=== EXERCISE DIRECTIONS ===
Among the entries below, only the lines from the one with "Die Umsetzung ist" through the one with "Rear Ports: 2x" are to be retyped, exactly and without pictures.

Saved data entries
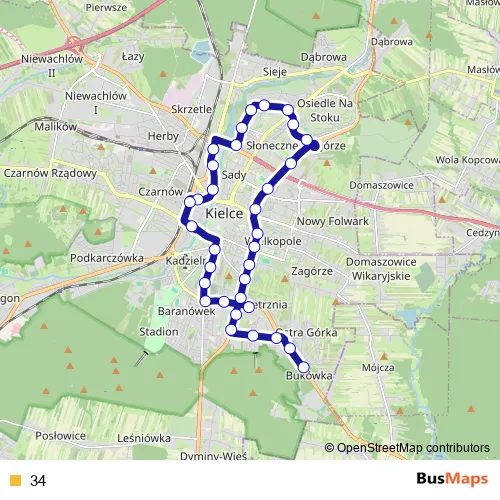 See why over 2 million users trust and consider busmaps.com as the best public transport website. busmaps gives you Kielce Buses suggested routes, real-time bus tracker, line route maps in Kielce, and helps to find the closest 34 bus stops near you. No internet available? Download an offline PDF map and bus schedule for the 34 bus to take on your trip.
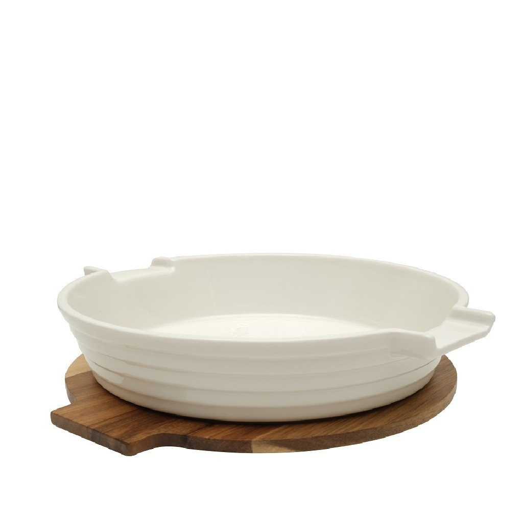 Σκεύος Espiel πορσελάνης στρογγυλό με ξύλινο καπάκι λευκό 33,3x30x6,3 cm
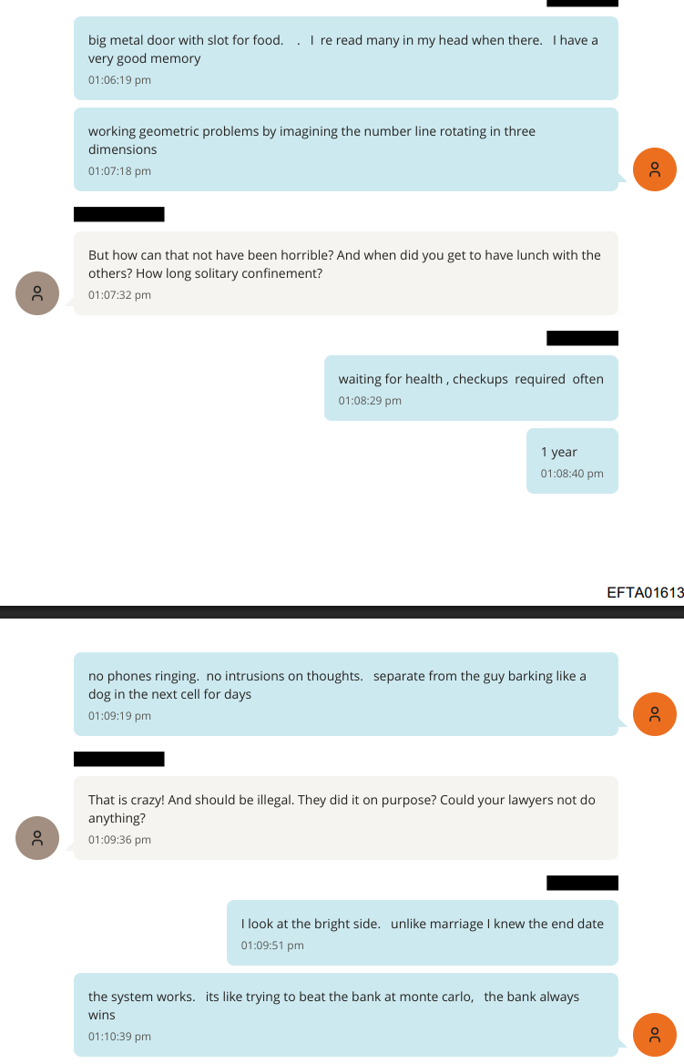 And then Gatsby was killed in prison, so the story goes. I think. It’s hard to imagine someone goes from “Tell Bill Gates he *owes* me a call.” to killing themselves with a bedsheet. Indeed, Epstein himself documented his feelings about his first prison term (Document ID 1613696).
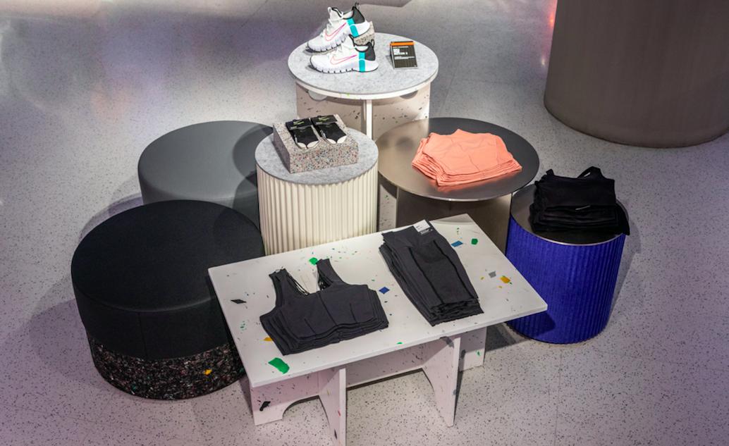 不仅如此,店内部分衣服也是由可持续材料制作,但是「传说」中由工厂车间「垃圾」制作的 Vapormax 运动鞋和 Space Hippie 系列鞋款,目前还没有看到。
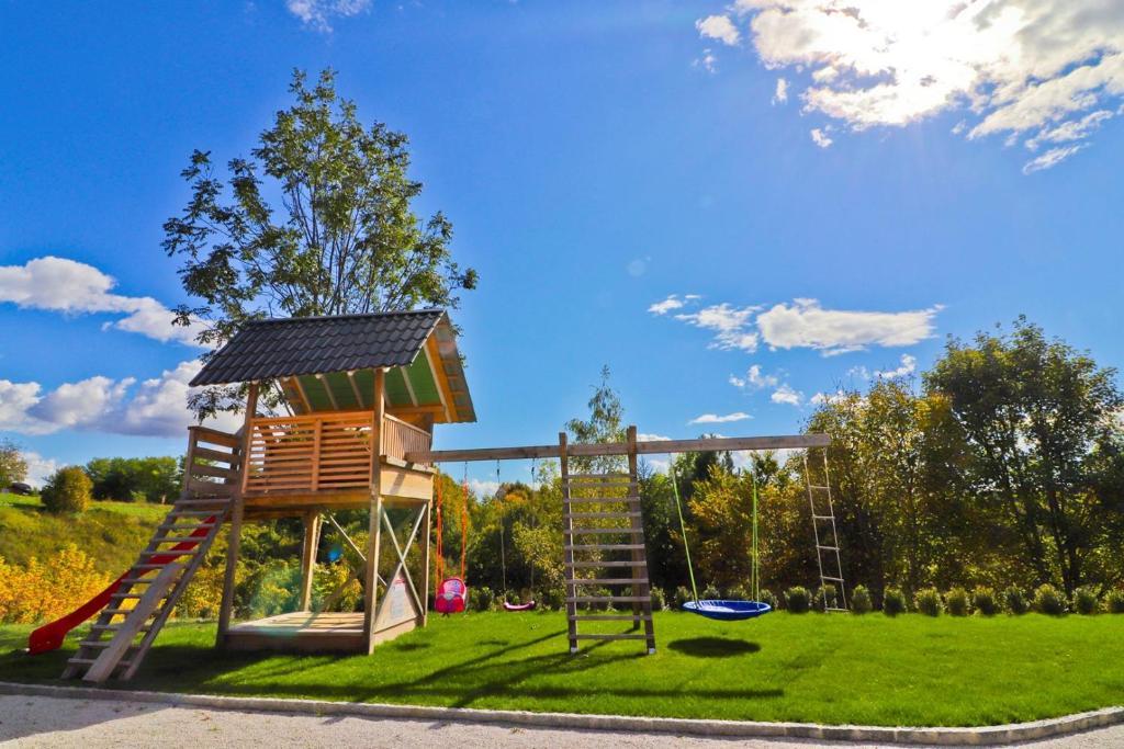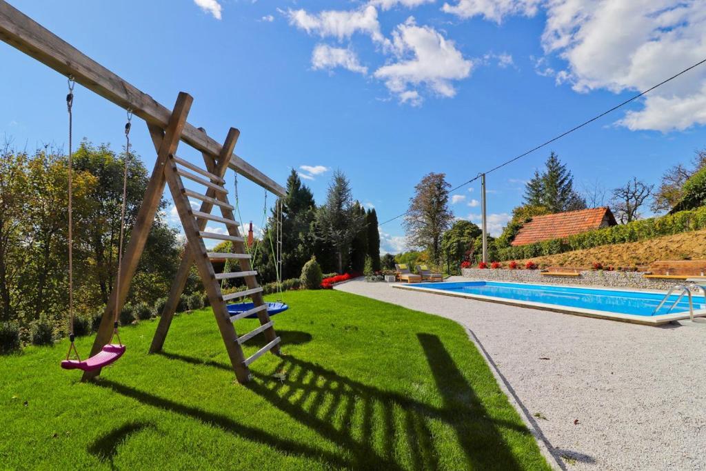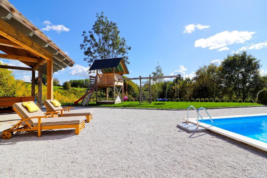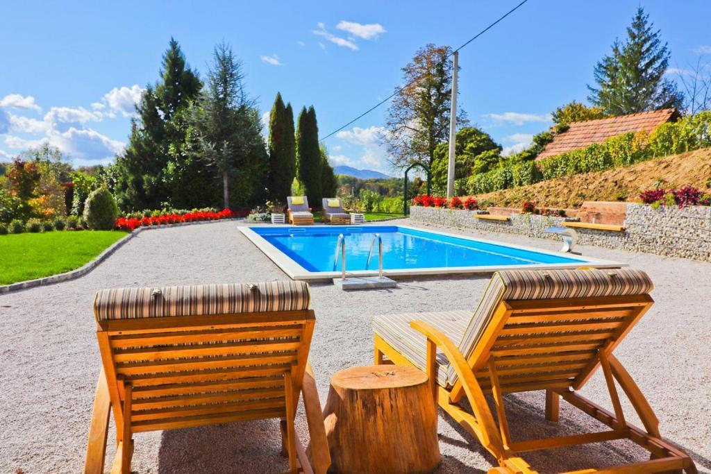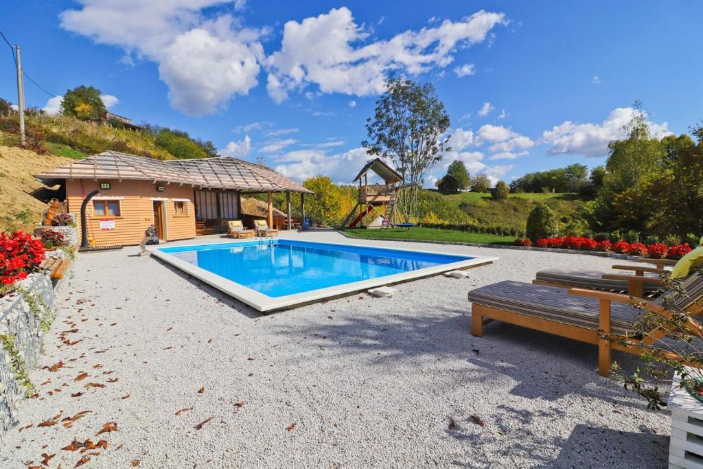 Dom wakacyjny Grga z jacuzzi i basenem znajduje się w miejscowości Gornja Voća i oferuje ogród, odkryty basen oraz widok na góry. Obiekt oferuje dostęp do balkonu, stół do ping ponga, bezpłatny prywatny parking oraz bezpłatne WiFi. Ten klimatyzowany domek oferuje 3 sypialnie, telewizor z dostępem do kanałów telewizji satelitarnej, jadalnię, kuchnię z lodówką oraz salon. Ręczniki i pościel są wliczone w cenę domku. Goście mogą korzystać z sauny w domu wakacyjnym. Pole golfowe Ptuj znajduje się 44 km od domku Grga z jacuzzi i basenem. Najbliższe lotnisko to port lotniczy im. Edvarda Rusjana w Mariborze, oddalony o 50 km.
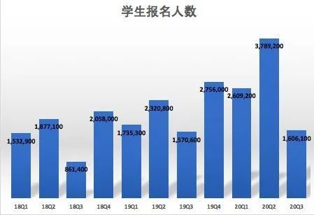 首先,学生报名人数骤减。新东方财报数据数显,新东方2020财年Q3学生报名人数约为160.61万,比二季度的378.92万,较少了218.31万人。
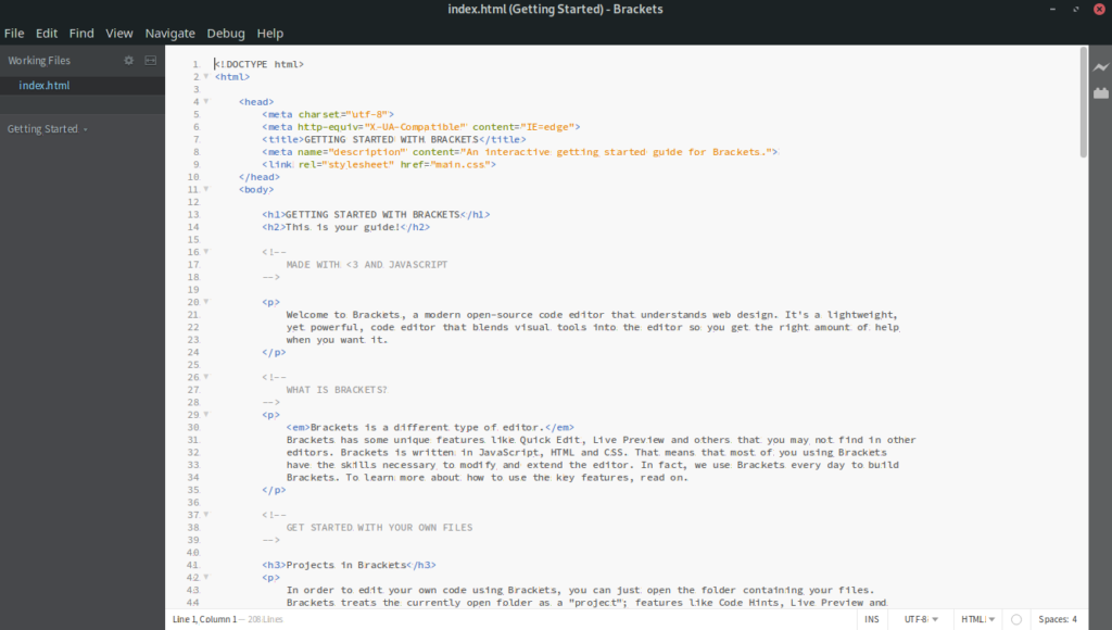 Brackets is especially popular among web developers because it allows them to connect it to a web browser so they can see all changes made to CSS and HTML on screen in real-time. With a single keyboard shortcut, you can open an inline text editor and work on a CSS file that applies to a specific ID without opening a new tab. Brackets can use Quick Edit and Live Highlight with your LESS and SCSS files to make working with them easier than ever.
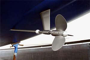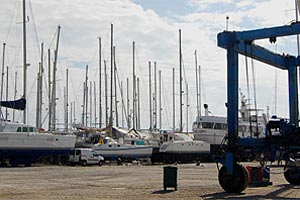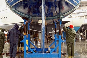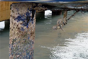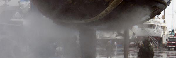 Noch in den Gurten hängend bekommt unsere Dicke eine "Unterbodenwäsche" verpasst. Die Profis mit den Hochdruckreinigern blasen fast den gesamten Bewuchts fort. Wir treten gern ein paar Meter beiseite, denn der Wasserdruck ist so hoch, dass die beiden Arbeiter total im Nebel stehen. Nass sind wir immer noch, denn an Bord zum Umziehen kommen wir erst, wenn das Schiff sicher aufgepallt ist. Der Kran fährt das Schiff zu dem Metallgestell, das die Hauptlast tragen soll. Noch immer regnet es Bindfäden. Die Stützen sind fast zu kurz für unseren Tiefgang, das letzte Loch muss für den Splint herhalten. Das ganze sieht ganz schön x-beinig aus, das Kranteam guckt skeptisch. Kaum steht die ganze Chose zwischen zwei riesigen Motorbooten, schon kommen viele Baumstämme angefahren. Sage und schreibe sechs zusätzliche Stützen schlagen die Männer am Bug und am Heck, backbord und steuerbord unter den Rumpf. Das wirkt schon viel vertrauenswürdiger. Nun bekommen wir noch eine lange Leiter, die wir an unserer Badeleiter am schrägen Heck anlegen. Zwei dicke Tampen halten sie an ihrem Platz. Das ist auch nötig, denn wir müssen an den nächsten Tagen ständig die 3 1/2 Meter lange Hühnerleiter hoch- und runterklettern. Auch beim Arbeiten geht nix, aber auch gar nix ohne Gerüst. Die 2,60 Meter Tiefgang plus ein paar Zentimeter Metallbock können wir auch mit den allerlängsten Armen nicht überwinden. So klettern wir dann Gerüst rauf, Gerüst runter, verschieben die schweren Metallteile am Rumpf entlang und schimpfen über unsere Knie, die sich nach der zigsten Klettertour partout nicht mehr beugen wollen. Dank der guten Vorarbeit beim "Kärchern" müssen wir nur noch die hartnäckigsten Seepocken per Hand abkratzen. Ansonsten sieht der Rumpf ganz gut aus. Trotzdem kostet uns das Anschleifen per Hand zwei lange Tage. Wenigstens Rasmus meint es jetzt gut mit uns, die Sonne strahlt und lässt uns kräftig schwitzen bei der harten Arbeit. Den Schleifstaub waschen wir mit Süsswasser ab, lassen den Rumpf richtig trockenen und raffen uns abends noch zum Abkleben der Wasserlinie mit Maskentape auf.
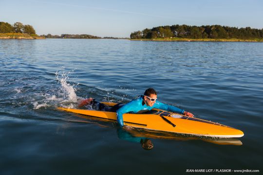 Die Umsetzung ist einfach, da nur eine Kombination und ein Paar Flossen benötigt werden, um sich ins Wasser zu wagen. So ausgestattet genügt es, sich auf das Brett zu legen, dessen Konturen den Körper umrahmen. Der Torso ruht dann auf dem Brett und die Beine sind im Wasser und treiben die Maschine an. Griffe werden zum Aufhängen verwendet, aber man kann auch mit den Armen rudern. Das Swimboard wird derzeit in einer einzigen Länge (3 m) angeboten, aber seine Verwendung ist Familie" Jeder kann es benutzen, sogar Kinder. Es kann eine Spielmaschine am Strand werden, die Nutzung ist sehr breit. Und da wir nur den unteren Teil des Körpers eingetaucht haben, können wir ihn auch länger in der Saison verwenden" details Sébastien.
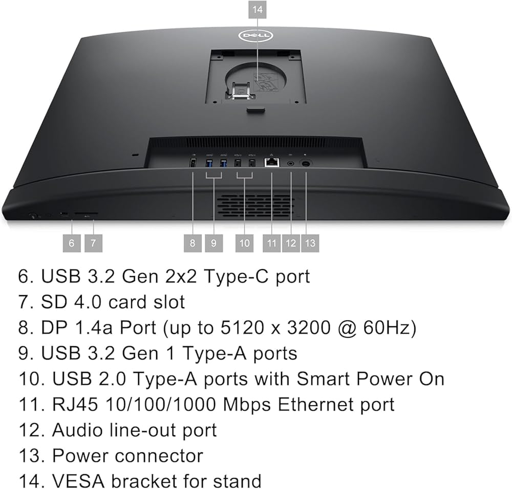 Rear Ports: 2x USB 3.2 Gen 1 Type-A Ports | 2x USB 2.0 Type-A Ports with SmartPower| RJ45 Ethernet port | 1x Line-out audio port | 1x DisplayPort 1.4a (up to 5120 x 3200 @ 60Hz)
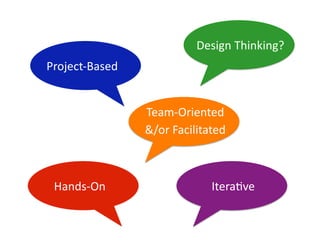 This document provides an introduction to design thinking, outlining the iterative design process and how it can be applied to develop resilient and sustainable business strategies. It describes the key stages of design thinking - understand, define, synthesize, ideate, prototype, and test. Various design thinking tools and techniques are also introduced, such as empathy maps, storytelling exercises, and the "5 Whys" problem-solving method. Resources for further exploring design thinking approaches are recommended.
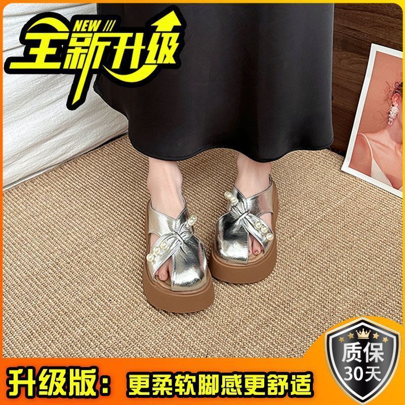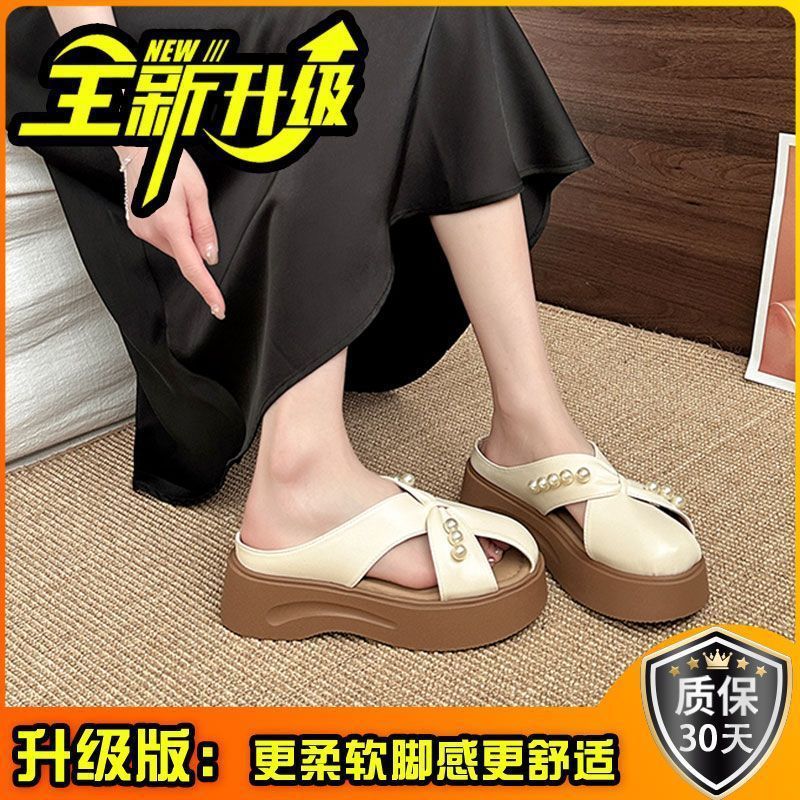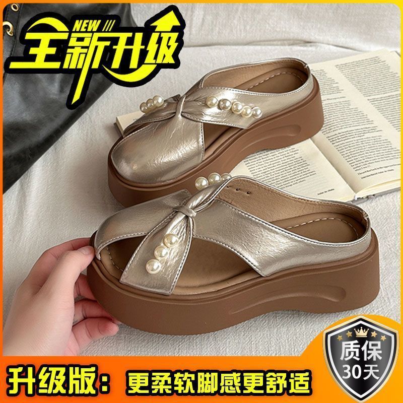 2025년 신상 여름 진주 패션 외부 착용용 바오터우 슬리퍼, 두꺼운 밑창 디자인, 슬립온, 게으른 하프 슬리퍼스토어 가기
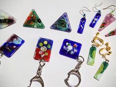 ママたちはピアスとイアリング、こどもたちはピンバッチとブローチ、キーホルダーを選びました。
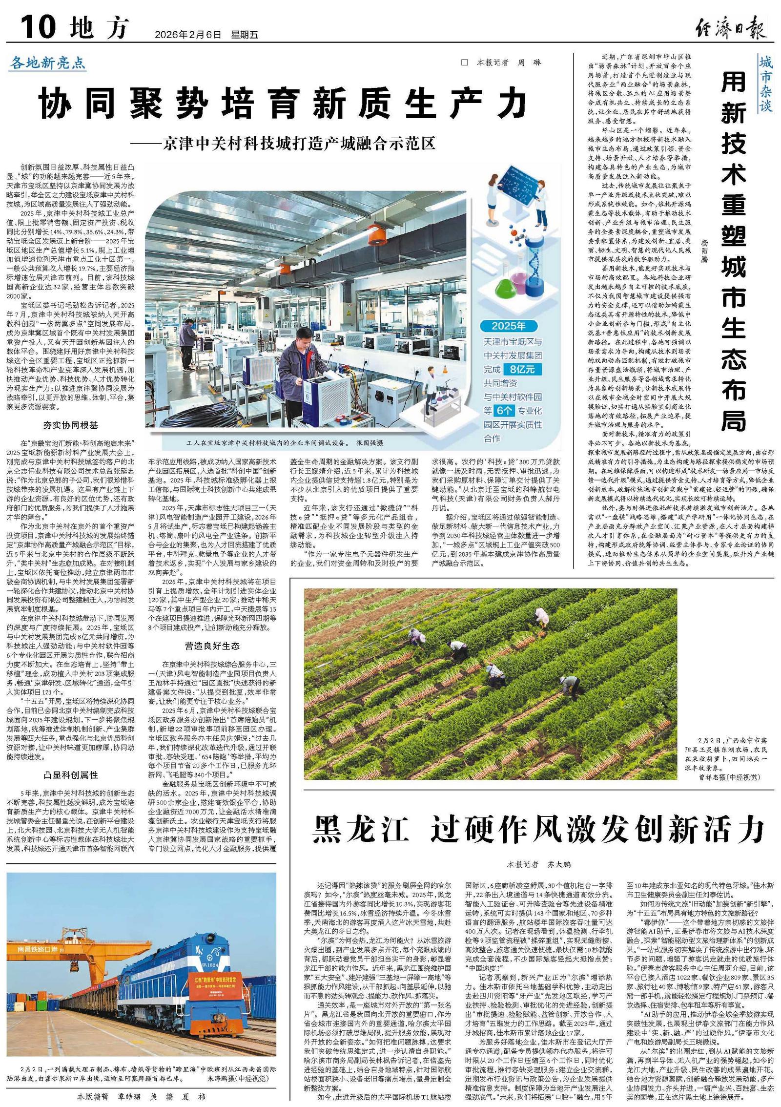从“尔滨”的出圈走红,到从AI赋能的文旅新篇,再到半导体、无人机产业的强势崛起,如今的龙江大地,产业升级、民生改善的成果遍地开花。结合地方资源禀赋,创新融合释放发展动能,多产业协同发力、齐头并进,一幅产业兴、百姓富、生态美的画卷,正在这片黑土地上徐徐展开。
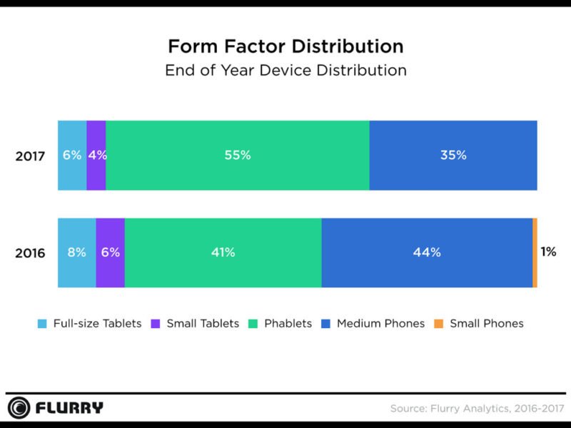Cihazlar üzerine de araştırma yapan Flurry, raporda diğer cihaz türleriyle karşılaştırıldığında yüzde 55 oranında en fazla kullanılan cihazın tablet telefonlar olduğunu öne sürüyor. Android üreticileri 2017'de tüm aktif cihazların üçte ikisini oluştururken, Apple tüm aktif cihazların yüzde 34'ü ile bireysel pazar payı elde ediyor.
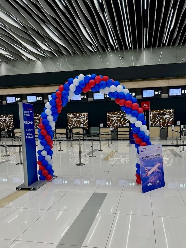We got to the airport at 22.00, which meant that we had a wait of about 50 minutes before check-in opened. We discovered, to our surprise, that our flight was an inaugural, of sorts, kicking off a new daily service for the winter season. This represented quite a turnaround from BA, who had indicated in autumn 2024 that they planned to drop the Bahrain route, only to reinstate a three-days-a-week service in spring/summer 2025, and then move to daily flights for autumn/winter season. Bahrain International Airport and BA were determined to make the most of the occasion, with a balloon arch and cake at check-in, and a small gift as we boarded.

=== OUTPUT FOR THIS TASK ===
 Die Umsetzung ist einfach, da nur eine Kombination und ein Paar Flossen benötigt werden, um sich ins Wasser zu wagen. So ausgestattet genügt es, sich auf das Brett zu legen, dessen Konturen den Körper umrahmen. Der Torso ruht dann auf dem Brett und die Beine sind im Wasser und treiben die Maschine an. Griffe werden zum Aufhängen verwendet, aber man kann auch mit den Armen rudern. Das Swimboard wird derzeit in einer einzigen Länge (3 m) angeboten, aber seine Verwendung ist Familie" Jeder kann es benutzen, sogar Kinder. Es kann eine Spielmaschine am Strand werden, die Nutzung ist sehr breit. Und da wir nur den unteren Teil des Körpers eingetaucht haben, können wir ihn auch länger in der Saison verwenden" details Sébastien.
 Rear Ports: 2x USB 3.2 Gen 1 Type-A Ports | 2x USB 2.0 Type-A Ports with SmartPower| RJ45 Ethernet port | 1x Line-out audio port | 1x DisplayPort 1.4a (up to 5120 x 3200 @ 60Hz)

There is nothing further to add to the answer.